Lastly, it’s instructive to trace through the execution of the algorithm for
a non-trivial unification to see how it works. Let’s unify the terms
f(X,h(X),Y,g(Y)) and f(g(Z),W,Z,X):

• unify is called, sees the root is an App of function f and loops
over the arguments.

• unify(X, g(Z)) invokes unify_variable because X is a variable,
and the result is augmenting subst with X=g(Z)
• unify(h(X), W) invokes unify_variable because W is a variable,
so the subst grows to {X=g(Z), W=h(X)}
• unify(Y, Z) invokes unify_variable; since neither Y nor Z
are in subst yet, the subst grows to {X=g(Z), W=h(X), Y=Z} (note that
the binding between two variables is arbitrary; Z=Y would be equivalent)
• unify(g(Y), X) invokes unify_variable; here things get more
interesting, because X is already in the subst, so now we call
unify on g(Y) and g(Z) (what X is bound to)

• The functions match for both terms (g), so there’s another loop over
arguments, this time only for unifying Y and Z
• unify_variable for Y and Z leads to lookup of Y in the
subst and then unify(Z, Z), which returns the unmodified subst;
the result is that nothing new is added to the subst, but the unification
of g(Y) and g(Z) succeeds, because it agrees with the existing
bindings in subst
• The final result is {X=g(Z), W=h(X), Y=Z}

## Efficiency

The algorithm presented here is not particularly efficient, and when dealing
with large unification problems it’s wise to consider more advanced options.
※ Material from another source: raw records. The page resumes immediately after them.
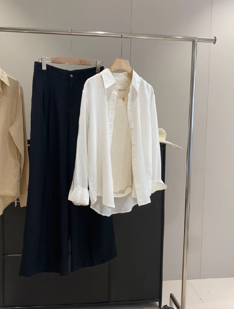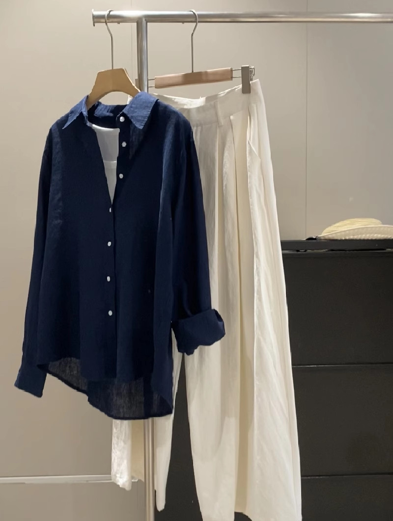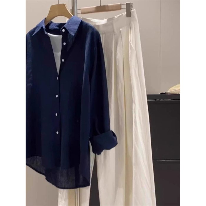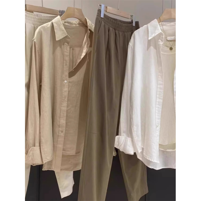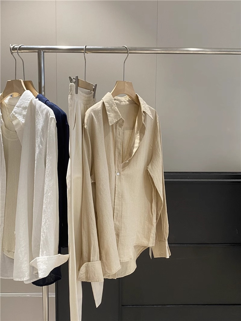 廣州十三行爆款~亞麻純色長袖襯衫女春秋季休閒襯衣chic港風上衣
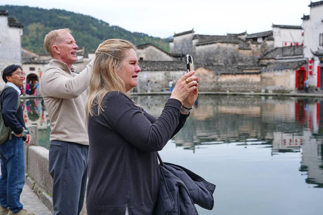 Foreign tourists visit a scenic area in Yixian county, Huangshan, east China's Anhui province. (Photo/Xu Jiadong)
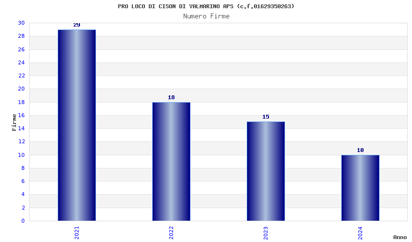 | Anno | Firme | Importi | Media | Naz. | Reg. | Prov. | Comu. |
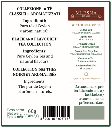 • astuccio tè Winter Collection Mlesna (30 filtri x 2 g): selezione di tè di Ceylon aromatizzati e speziati, tra cui Cream Earl Grey, Mela, Sciroppo d’Acero, Cannella, Tropical Fire e Loolecondera, sigillati singolarmente per preservare aroma e freschezza
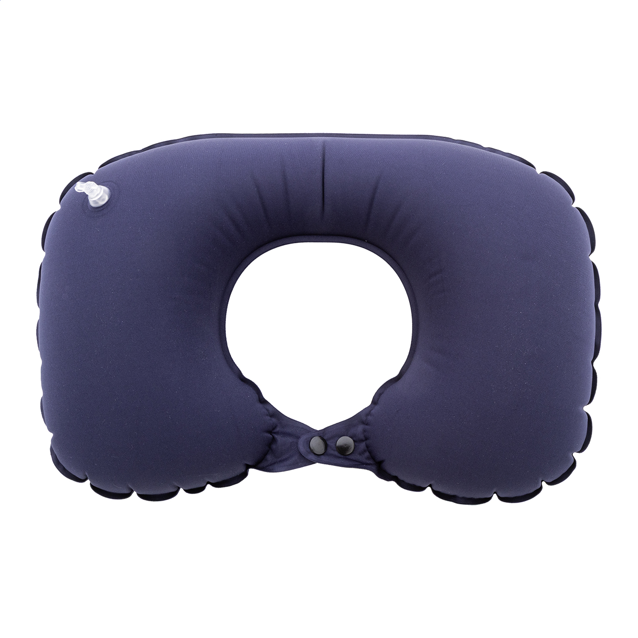 Dmuchana poduszka podróżna z poliestru RPET z wbudowaną pompką do łatwego pompowania i spuszczania powietrza. W pasującym materiałowym woreczku ze ściągaczem. Z charakterystyczną metką RPET.
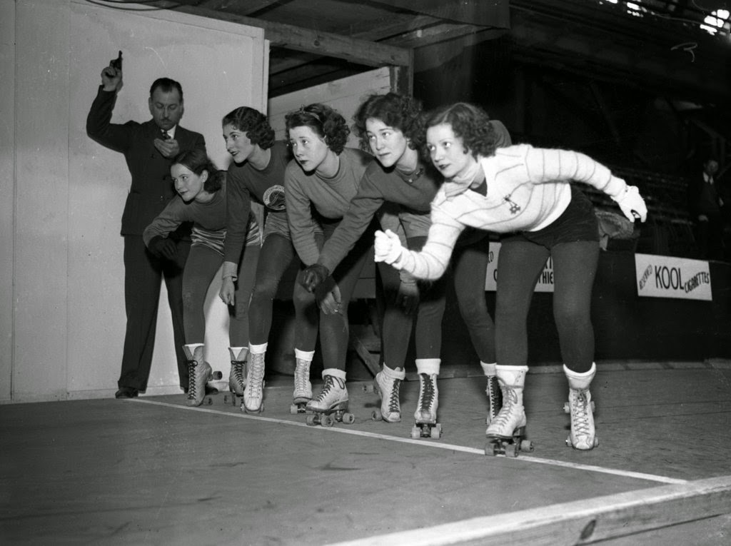 A woman hikes up her new nylons in Stockholm, Sweden c.1956
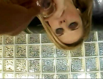 une jolie adolescente blonde aux énormes seins se fait tirer une giclée de sperme dans les yeux
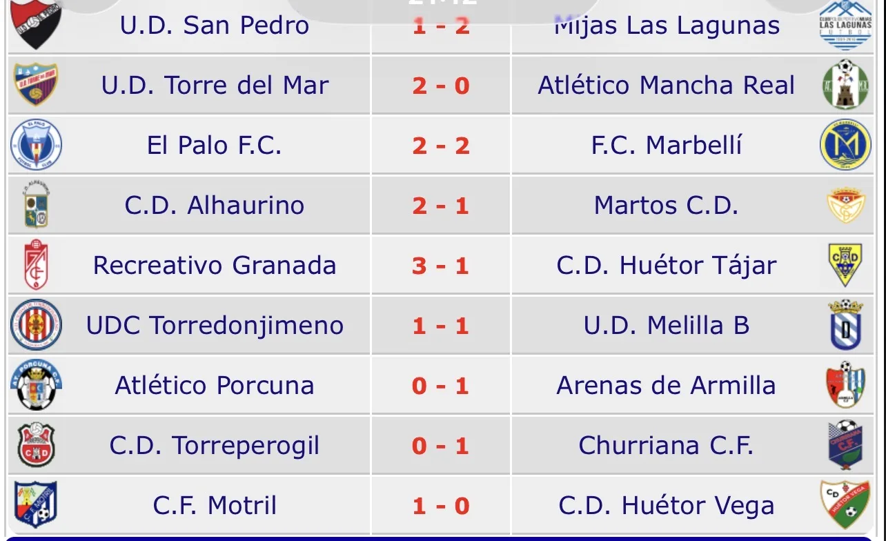 El U.D. Torre del Mar se hizo fuerte en casa con un sólido 2-0 ante el Atlético Mancha Real, demostrando su fiabilidad defensiva y eficacia en ataque. Igualmente, el C.D. Alhaurino sacó adelante un encuentro muy disputado ante el Martos C.D., logrando un 2-1 que le permite sumar tres puntos vitales en su feudo.

It
does too much copying around of subst, and also too much work is repeated
because we don’t try to cache terms that have already been unified.

For a good overview of the efficiency of unification algorithms, I recommend
checking out two papers:

• “An Efficient Unificaiton algorithm” by Martelli and Montanari
• “Unification: A Multidisciplinary survey” by Kevin Knight